Recent research by the South African arm of the short-term lender Wonga found that of 18,000 respondents in the country, 77 percent did not look at the interest rates or fees on credit applications, while 57 percent did not know what a credit report was. This perfectly illustrates the problem the developing world faces.

photo/ screenshot YouTube

photo/ screenshot YouTube

No matter how much the economy and the access to education and jobs in developing countries improves, the distribution of wealth will not change until knowledge of these key pillars of financial literacy is widespread.

The role of financial inclusion

Financial literacy not only empowers people to make the right financial choices for a sustainable future, but it also boosts the usage of the financial services available. Many people are simply unaware of the financial services that exist.

Financial technology, or fintech, is one of the biggest areas of growth in the western world. Mark Carney, the current Governor of the Bank of England, has said that: “With time, fintech could mean a more open, more transparent, and more democratic global financial system”. The trouble is that at the moment, fintech is thriving in those markets where financial literacy is already high, and is not doing enough to help those who need it the most.  

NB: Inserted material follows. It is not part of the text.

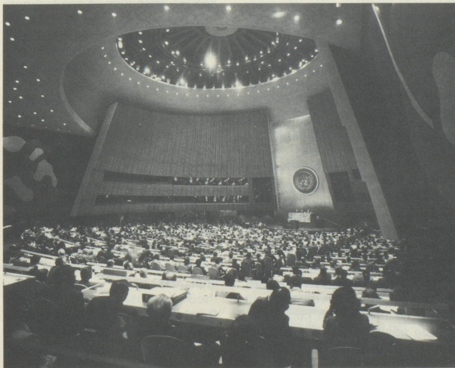
L'Assemblée plénière de l'ONU

tions établies par la Charte, ainsi que sur la politique de la Suisse à l'ONU. Selon le chapitre VII de la Charte, il incombe au Conseil de sécurité, en cas de menace contre la paix, de rupture de la paix ou d'acte d'agression, de prendre des mesures collectives contraignantes, de nature militaire ou non militaire. Une telle décision requiert l'accord des cinq membres permanents du Conseil de sécurité – Chine, France, Grande-Bretagne, Union soviétique et Etats-Unis – qui disposent chacun du droit de veto. La participation de la Suisse aux mesures militaires prévues à l'article 42 de la Charte ne saurait entrer en considération, parce qu'elle serait contraire au droit de la neutralité. Conformément à l'article 43, aucun Etat ne peut toutefois être contraint, de manière automatique, à participer à des sanctions militaires; au contraire, le Conseil de sécurité doit, dans tous les cas, conclure avec l'Etat en question un accord particulier sujet à ratification. De plus, le conseil de sécurité a le pouvoir, selon l'article 48,

As surprising as it may seem in 2016, an estimated 2 billion people do not have access to formal financial services, while 50 percent of women around the world are excluded from the financial world altogether. There are a number of resources out there aimed at improving financial inclusion in the developing world. A money academy has been launched, again in the South African market, to help people understand how money works and how to make the right choices, but resources like this are few and far between. And there’s still an incredibly long way to go.  

The lack of financial identity

While improving financial literacy and levels of financial inclusion is a huge part of the fight, there is still one stumbling block that could be more difficult to overcome. Many poor people in the developing world have no financial identity. Many do not have bank accounts, and many of the bank accounts that do exist are not used. Many do not even have formal identification documents, which makes using any form of financial service an impossibility.

This is a particularly big problem for women. Nearly a fifth of all women without a bank account lack any sort of identification document. This is another problem that could be solved by developments in financial technology. Biometrics could play a vital role in establishing a financial identity when no other information, such as phone bills or utility payments, is available.

While innovation in the fintech sector is gradually raising levels of financial inclusion in the developing world, there is still much more to do to empower people to take their first steps to a better financial future.